The Full Bench emphasised that the ‘termination of employment at the initiative of the employer’ requirement should be interpreted and applied as follows:

  • The analysis is to be conducted by reference to termination of the employment relationship, not by reference to the termination of the last contract. Where employees are on a sequence of time-limited contracts, the facts may require consideration of the circumstances of the entire employment relationship, not merely the terms of the final employment contract.
  • In circumstances where the employment relationship is not left voluntarily by the employee, the focus of the enquiry is whether an action on the part of the employer was the principal contributing factor which results, directly or consequentially, in the termination of the employment.
  • The expiry of a contract does not exclude the possibility that the termination of the employment relationship occurred at the initiative of the employer – that is, as a result of the decision or act on the part of the employer that brought about that outcome.
  • Where the terms of an operative time-limited contract reflect a genuine agreement on the part of the employer and employee that the employment relationship will not continue after a specified date and the employment relationship comes to an end on that date, then, absent a vitiating or other factor of the types refereed to below, the employment relationship will have been terminated by reason of the agreement between the parties and there will be no termination at the initiative of the employer.
  • A decision by an employer not to offer a further contract will not be relevant if the time-limited contract reflects a genuine agreement. However if the time-limited contract does not in truth represent an agreement that the employment relation will end a particular time, the decision not to offer a further contract will be one of the factual matters in determining whether an action on the part of the employer was the principle contributing factor to the termination of the employment relationship.
  • Factors which may go against the nature of the operation on an ‘outer limit’ contract include (without limitation) misleading or unconscionable conduct on the part of the employer and other similar conduct such as coercion.

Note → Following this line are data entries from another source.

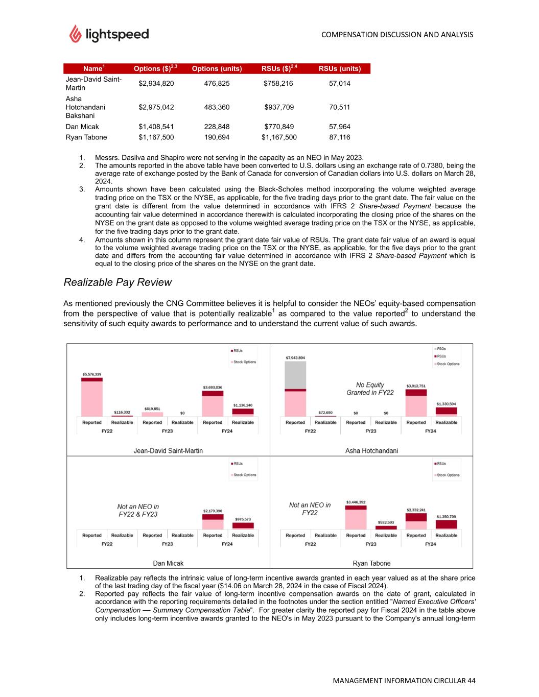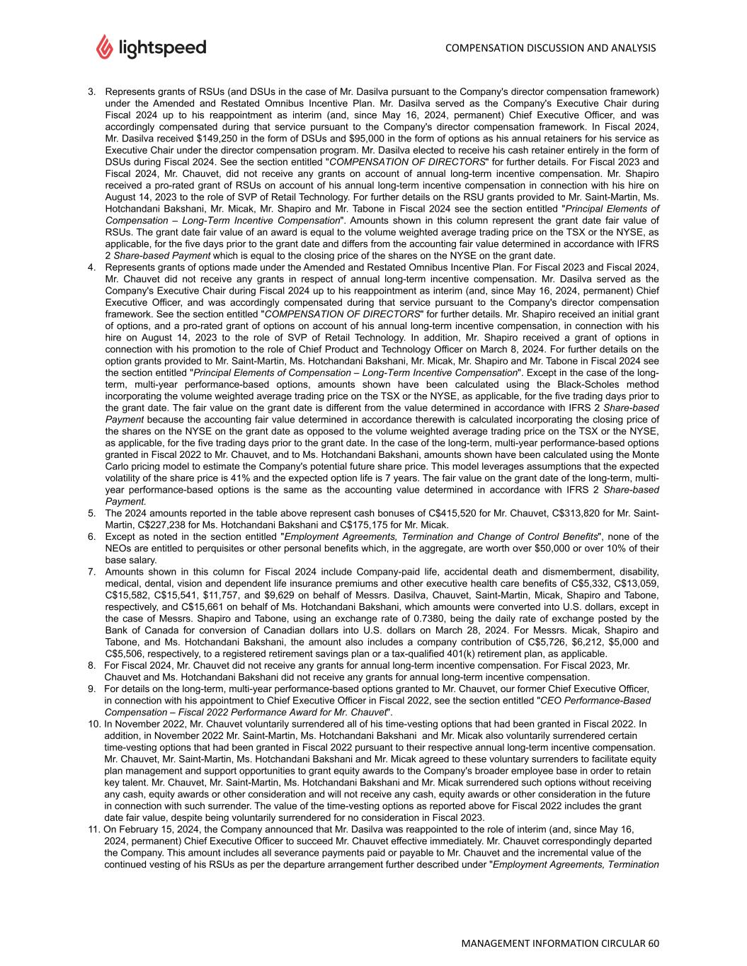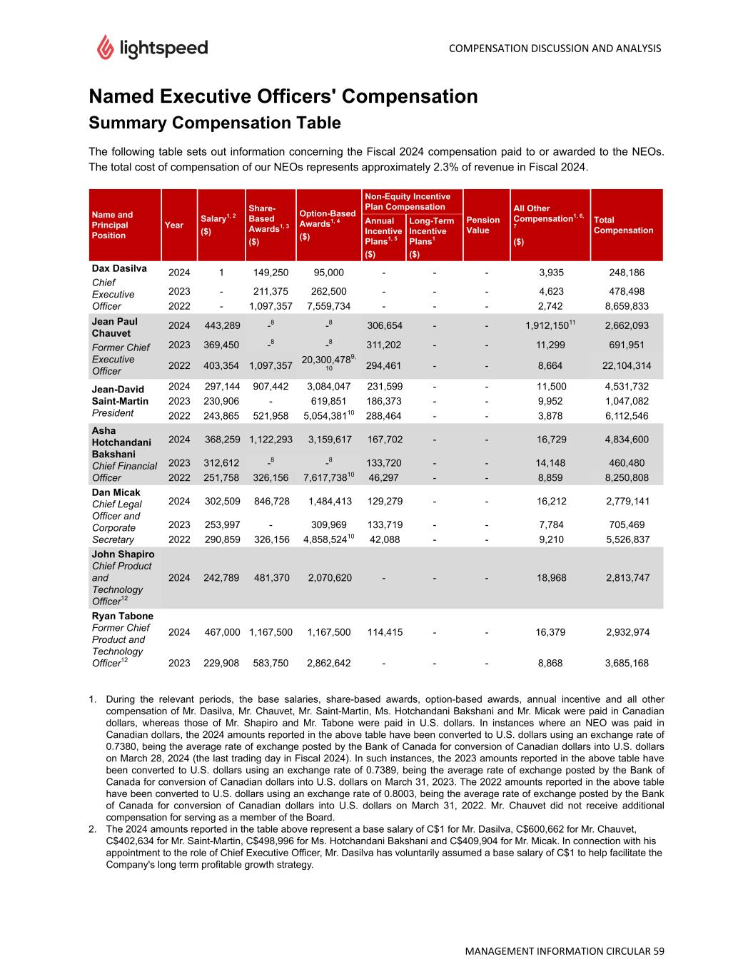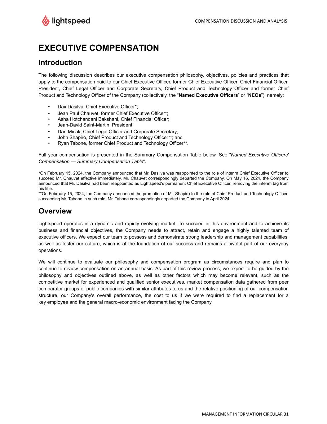 EXECUTIVE COMPENSATION Introduction The following discussion describes our executive compensation philosophy, objectives, policies and practices that apply to the compensation paid to our Chief Executive Officer, former Chief Executive Officer, Chief Financial Officer, President, Chief Legal Officer and Corporate Secretary, Chief Product and Technology Officer and former Chief Product and Technology Officer of the Company (collectively, the “Named Executive Officers” or “NEOs”), namely: • Dax Dasilva, Chief Executive Officer*; • Jean Paul Chauvet, former Chief Executive Officer*; • Asha Hotchandani Bakshani, Chief Financial Officer; • Jean-David Saint-Martin, President; • Dan Micak, Chief Legal Officer and Corporate Secretary; • John Shapiro, Chief Product and Technology Officer**; and • Ryan Tabone, former Chief Product and Technology Officer**. Full year compensation is presented in the Summary Compensation Table below. See "Named Executive Officers' Compensation — Summary Compensation Table". *On February 15, 2024, the Company announced that Mr. Dasilva was reappointed to the role of interim Chief Executive Officer to succeed Mr. Chauvet effective immediately. Mr. Chauvet correspondingly departed the Company. On May 16, 2024, the Company announced that Mr. Dasilva had been reappointed as Lightspeed's permanent Chief Executive Officer, removing the interim tag from his title. **On February 15, 2024, the Company announced the promotion of Mr. Shapiro to the role of Chief Product and Technology Officer, succeeding Mr. Tabone in such role. Mr. Tabone correspondingly departed the Company in April 2024. Overview Lightspeed operates in a dynamic and rapidly evolving market. To succeed in this environment and to achieve its business and financial objectives, the Company needs to attract, retain and engage a highly talented team of executive officers. We expect our team to possess and demonstrate strong leadership and management capabilities, as well as foster our culture, which is at the foundation of our success and remains a pivotal part of our everyday operations. We will continue to evaluate our philosophy and compensation program as circumstances require and plan to continue to review compensation on an annual basis. As part of this review process, we expect to be guided by the philosophy and objectives outlined above, as well as other factors which may become relevant, such as the competitive market for experienced and qualified senior executives, market compensation data gathered from peer comparator groups of public companies with similar attributes to us and the relative positioning of our compensation structure, our Company's overall performance, the cost to us if we were required to find a replacement for a key employee and the general macro-economic environment facing the Company. COMPENSATION DISCUSSION AND ANALYSIS MANAGEMENT INFORMATION CIRCULAR 31
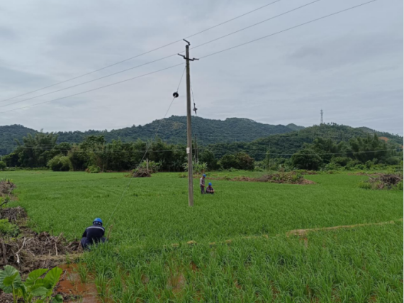 深汕供电局人员台风来临前检查杆塔拉力是否牢固,确保站得稳。
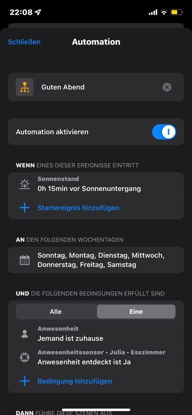 Mir schwebt eine Automation bei der das Licht in der Küche angehen soll sobald ich oder meine Frau heimkommt und die Eingangstür geöffnet wird. Mehr brauche ich im Moment nicht.
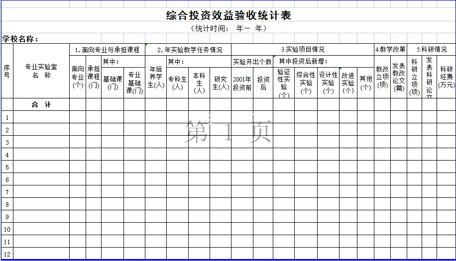 学校综合投资效益验收统计表-Excel表格
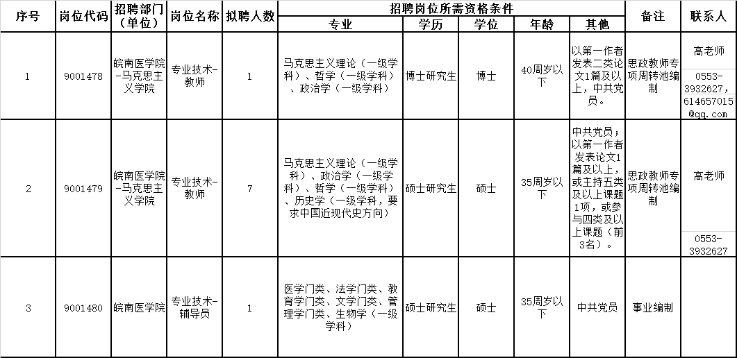 聯(lián)系部門:皖南醫(yī)學(xué)院人事處
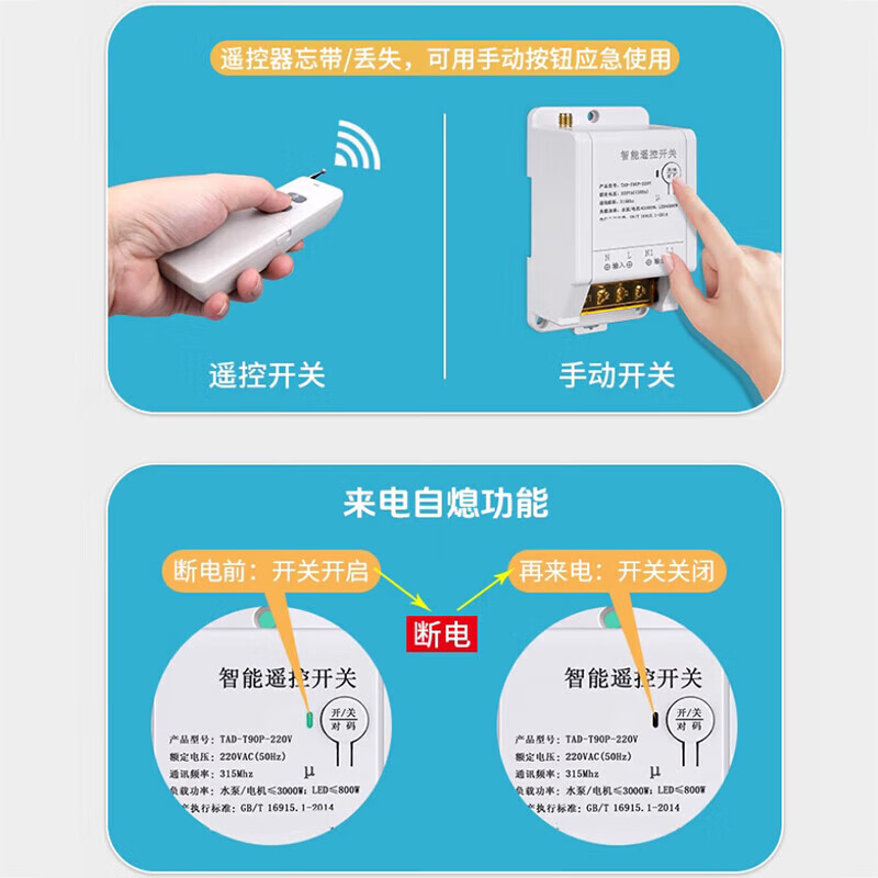 Wireless remote control switch Rated voltage 220V Power 3KW Unit
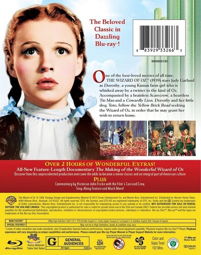 Follow Dorothy over the rainbow and down the Yellow Brick Road in one of the most beloved films in cinematic history. Not in Kansas anymore after a tornado whisks her away to the Land of Oz, Dorothy is off for adventure in the Emerald City with the Scarecrow, the Tin Woodsman, the Cowardly Lion, and Toto, too, all the while being chased by the Wicked Witch of the West and looking for a way home. Judy Garland, Ray Bolger, Jack Haley, Bert Lahr, Margaret Hamilton, and Frank Morgan star. 102 min. Standard; Soundtracks: English DTS HD 5.1 Master Audio, French Dolby Digital 5.1, Spanish Dolby Digital mono; Subtitles: English (SDH), French, Spanish; audio commentary; "making of" documentary; sing-along songs.
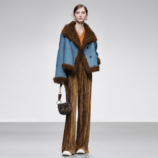 2025冬季 翻立领两面穿环保羊剪毛牛仔风短外套机车皮草大衣女
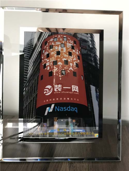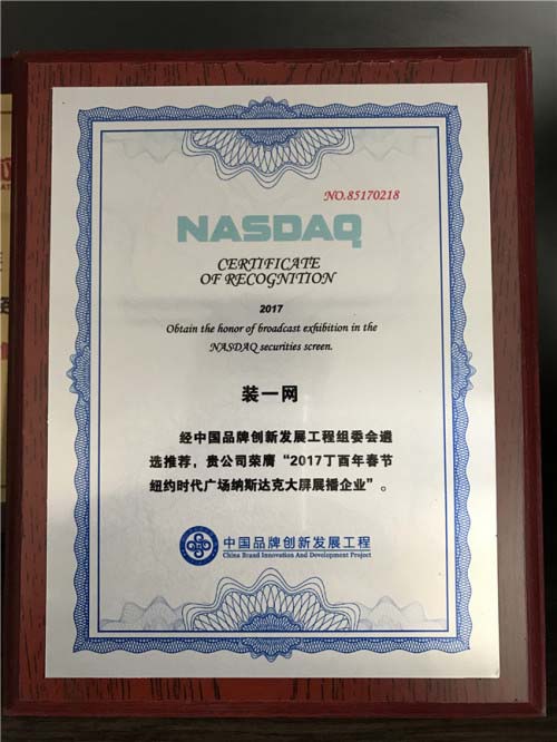 裝一網形象廣告登陸紐約時代廣場納斯達克大屏證書
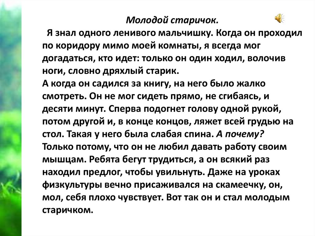 Молодой старичок.Я знал одного ленивого мальчишку. Когда он проходил
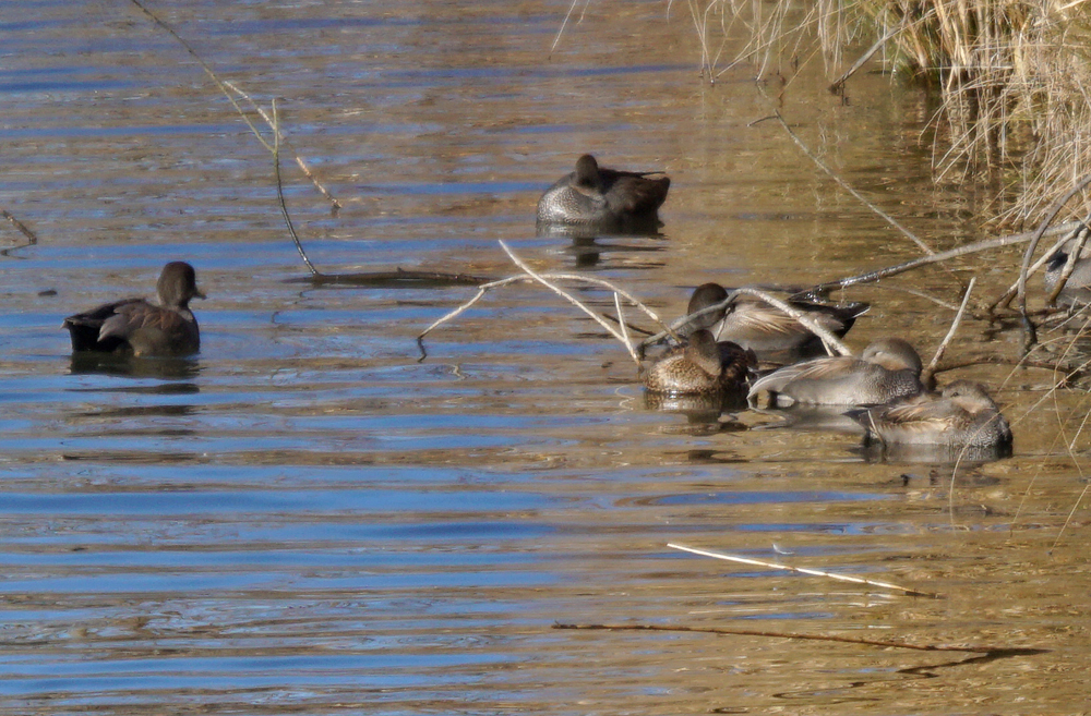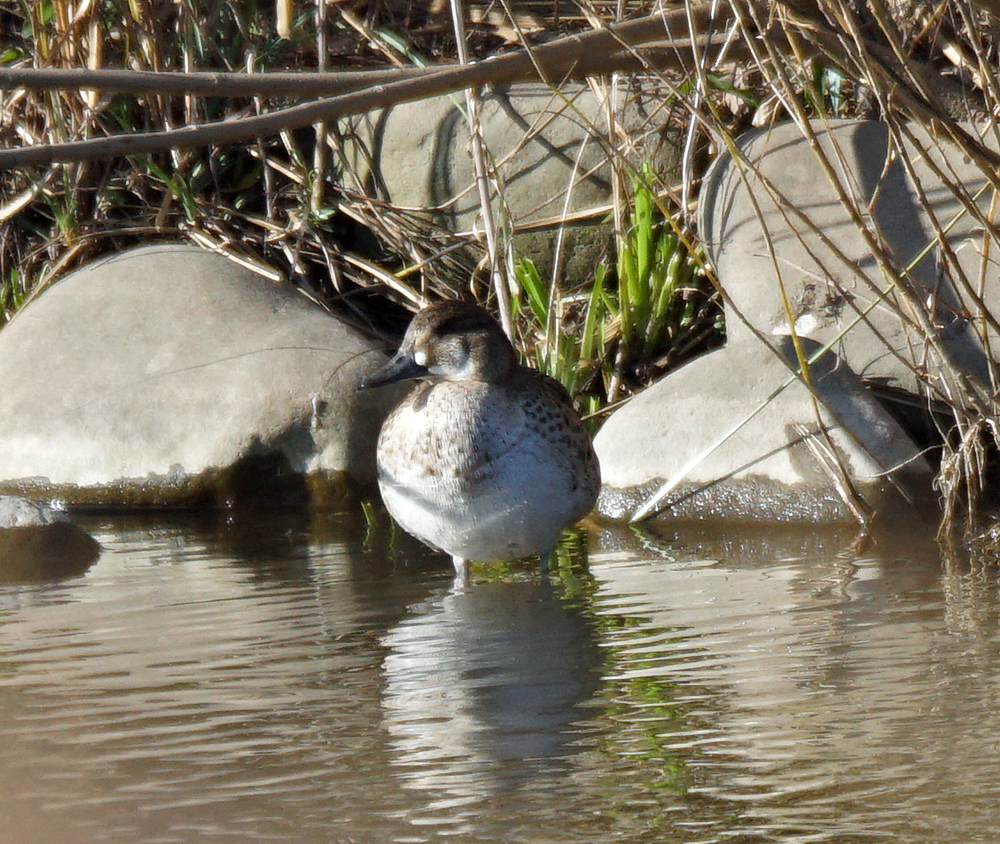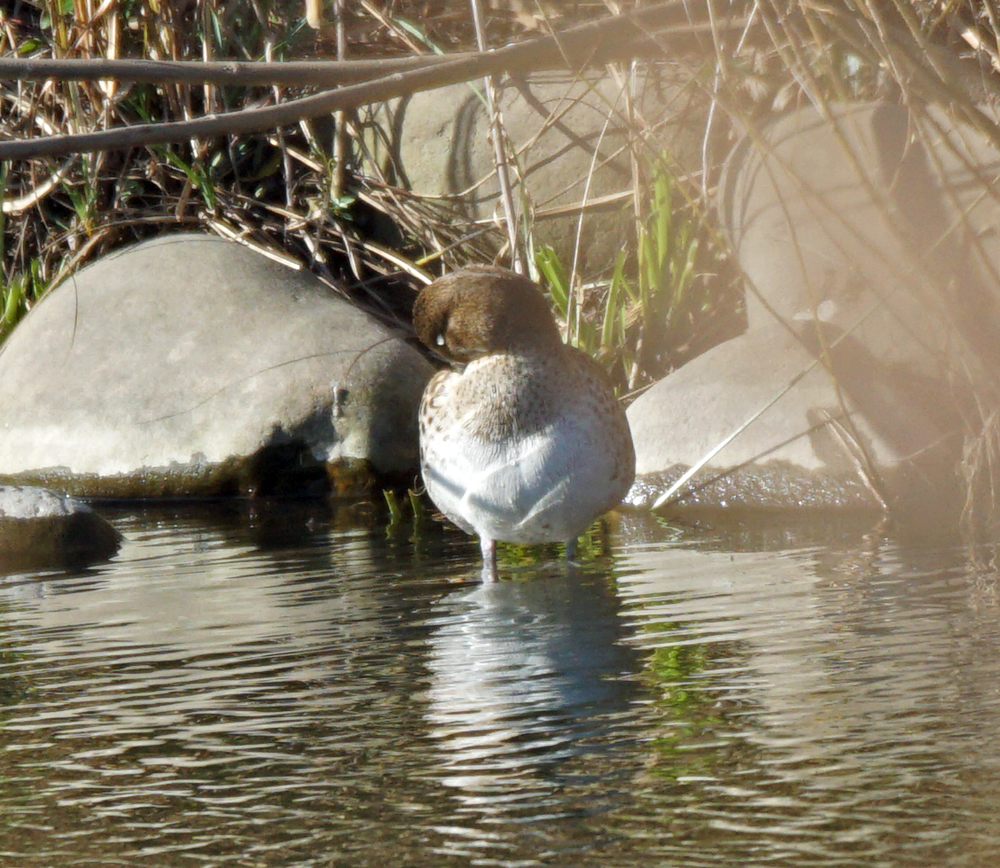 昨日(12 月23日)、姉と行ってみました。 ずいぶん久し振りです。 俣野遊水地で、コガモがいるな、と見ていると、奥の翅繕いをしている1羽がちょっと違う感じ。
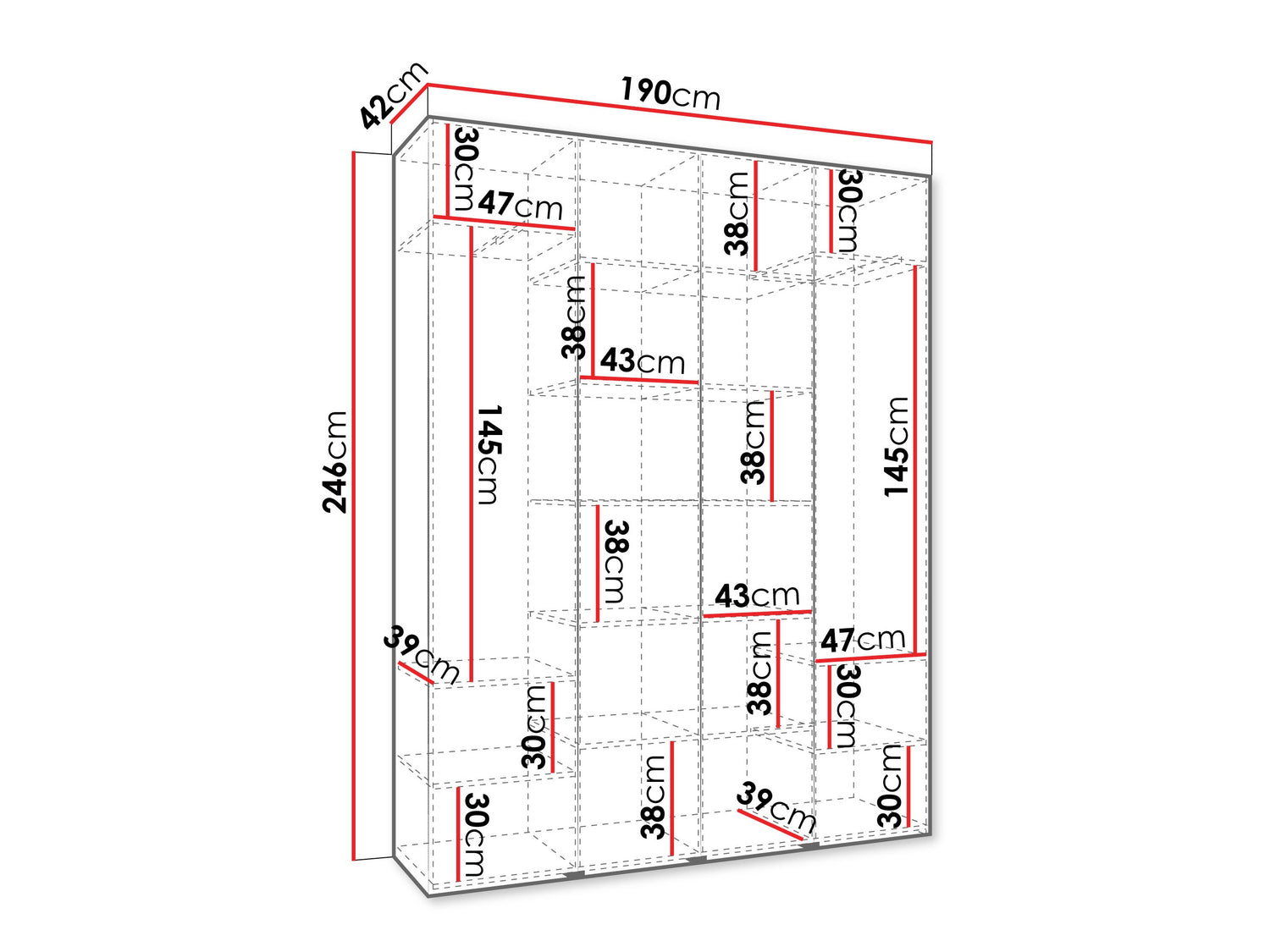 Gardróbszekrény Szafa COMO 2 170/180/190/200 (gł.40/50), Szín: Fehér, Fogantyú színe: Aranysárga, Fiókok: Nem, Szélesség: 190 cm, Mélység: 42 cm

The Full Bench dismissed the appeal stating that while at first instance the Commissioner’s consideration of whether Mr Khayam had been dismissed for the purposes of s 386(1)(a) of the FW Act did not take into account all of the relevant circumstances and facts, the Commissioner reached the correct conclusion.

The employer tried to argue that Mr Khayam was ineligible to bring a claim due to his contract of employment also being for a ‘specified period’ and therefore the statutory exclusion at section 386(2)(a) of the FW Act applied. The Full Bench, however, held that the exclusion did not apply as the contract included a notice of termination provision and therefore was not truly a contract for a specified period of time.

The decision is significant for employers who employ staff on successive term contracts. While previously such employers had a reasonable degree of certainty around such employees being ineligible to bring an unfair dismissal claim at the expiration of the term contract, this is no longer the case. There is now potential for employees on term contracts to access the unfair dismissal jurisdiction, particularly where there has been a series of term contracts and there is an underlying requirement in the business for the role to continue that is filled by that employee on the term contract. In these circumstances, a unilateral decision not to continue the employment relationship creates some risk. Following this decision it is now important for employers to revisit their use and management of term contracts.